Tuesday, September 02, 2008

A sense of place

Slow Food came to town this weekend, and I stopped by Friday night to see the fish booth in the "Taste Pavilion". The big hall down at Fort Mason was filled with exquisitely designed little houses and displays: chocolate beans hid inside a cabin made of old pallets, jams and jellies were arrayed beneath thousands of jar lids hung from the ceiling in waves. I dropped off materials for the Crab Boat booth and watched Tom Worthington arrange whole fish in a bed of ice. Monterey Fish Market was one of the earliest local suppliers to take an interest in sustainability, picking certain fish and fishing gears over others and selling them to restaurants like Hayes Street Grill and Chez Panisse.

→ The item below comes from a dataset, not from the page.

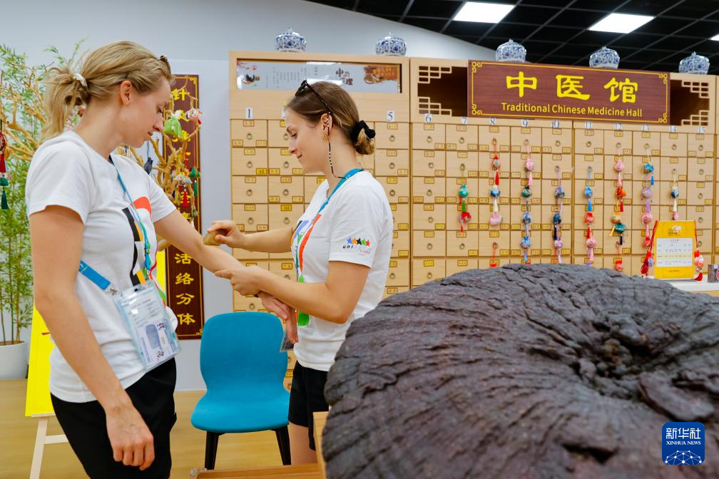 7月31日,在成都大运村,两名奥地利代表团成员在体验中医刮痧板。

Fish are impressive animals, shiny and brightly colored, with large eyes. Coffee, chocolate, olive oil, salami -- we may not see the process that transforms the raw original into the edible, but we can easily imagine an olive or a pig, we can see photos of cocoa pods. Few people see fish whole anymore and filets give no sense of the original fish. Discovering the diversity of fish takes a simple label -- fish -- and explodes its meaning into a technicolor world of life.

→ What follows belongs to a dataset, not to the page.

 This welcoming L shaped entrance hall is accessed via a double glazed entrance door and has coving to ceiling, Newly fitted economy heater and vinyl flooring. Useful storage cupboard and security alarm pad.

I stood to the side with a motley crew of volunteers, fishermen, and other ocean sorts. We could all name the easy fish, even though few of them were local. California halibut, albacore tuna, Alaskan coho and chinook salmon still silver from the ocean, sablefish from Washington, striped bass, ling cod, and a group of deeperwater Pacific rockfish that could be sharpchinned or squarespot. One of the local salts had never seen a monkfish whole before, since it's a denizen of the Atlantic, and the true cod (Gadus morhua) stumped a few folks before we pulled its distinctive barbels out of the ice. We all work on fish, but naming the bounty of the sea was tricky, even for us. I have no doubt Tom could have rattled them off, since he signed the sales bill, but that's just one link in the chain from sea to plate.

Later that weekend, my friend Amy and I talked about 'terroir' and pondered a similar word for fish. After all, salmon from different rivers can taste distinctively different. Aquoir? Meroir? I wonder if we weren't ahead of ourselves, if we have to start with naming the fish before we market the place. Then again, knowing the names of fish may only be fun sport for us fish geeks, while places can captivate anyone. How many wine drinkers make it to Bordeaux, or even Napa? Perhaps we have to move away from splitting and wallet cards to certifying places and portfolios of fisheries. Perhaps that's the next tool for sustainable fisheries, not identification but location.

Margot Neebe took this nice photo of the rockfish peering out of the fish display

2 comments:

Anthony Creswell said...

Yes, I like that concept of "Terroir" or whatever the marine equivalent would be for fish.
Aquoir? Meroir? How about Marroir!

PeterB said...

Location, location, location. You know I'm biased Kate...

I love this concept. A Meroir is perfect for explaining the unique habitat characteristics that make seafood yummy.